§ Exercise aim
Pictures in the data below are not part of the copy; transcribe everything else exactly.

§ Exercise data
------
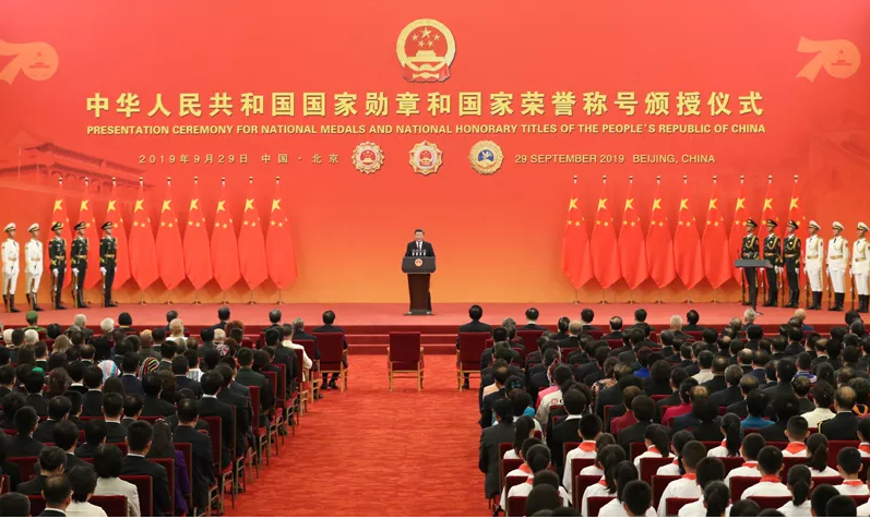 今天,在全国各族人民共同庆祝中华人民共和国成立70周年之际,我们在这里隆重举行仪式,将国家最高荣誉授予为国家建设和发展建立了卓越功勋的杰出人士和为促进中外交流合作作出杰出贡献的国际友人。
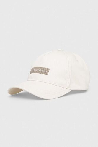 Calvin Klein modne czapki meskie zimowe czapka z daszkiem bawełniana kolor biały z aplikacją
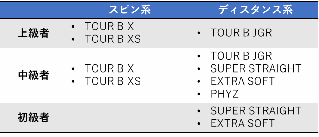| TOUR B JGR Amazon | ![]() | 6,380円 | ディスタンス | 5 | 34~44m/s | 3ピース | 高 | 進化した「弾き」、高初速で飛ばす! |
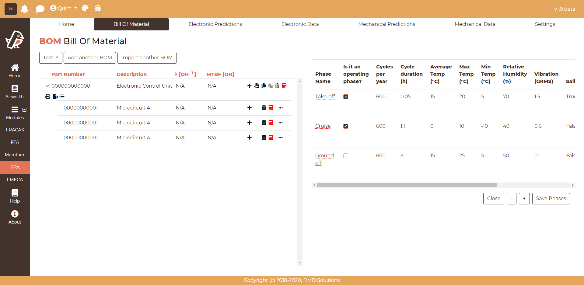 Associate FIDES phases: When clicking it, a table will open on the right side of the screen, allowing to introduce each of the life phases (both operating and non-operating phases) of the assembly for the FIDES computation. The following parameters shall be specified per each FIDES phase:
------
§ Answer to this exercise
 今天,在全国各族人民共同庆祝中华人民共和国成立70周年之际,我们在这里隆重举行仪式,将国家最高荣誉授予为国家建设和发展建立了卓越功勋的杰出人士和为促进中外交流合作作出杰出贡献的国际友人。
 Calvin Klein modne czapki meskie zimowe czapka z daszkiem bawełniana kolor biały z aplikacją
| TOUR B JGR Amazon | ![]() | 6,380円 | ディスタンス | 5 | 34~44m/s | 3ピース | 高 | 進化した「弾き」、高初速で飛ばす! |
 Associate FIDES phases: When clicking it, a table will open on the right side of the screen, allowing to introduce each of the life phases (both operating and non-operating phases) of the assembly for the FIDES computation. The following parameters shall be specified per each FIDES phase:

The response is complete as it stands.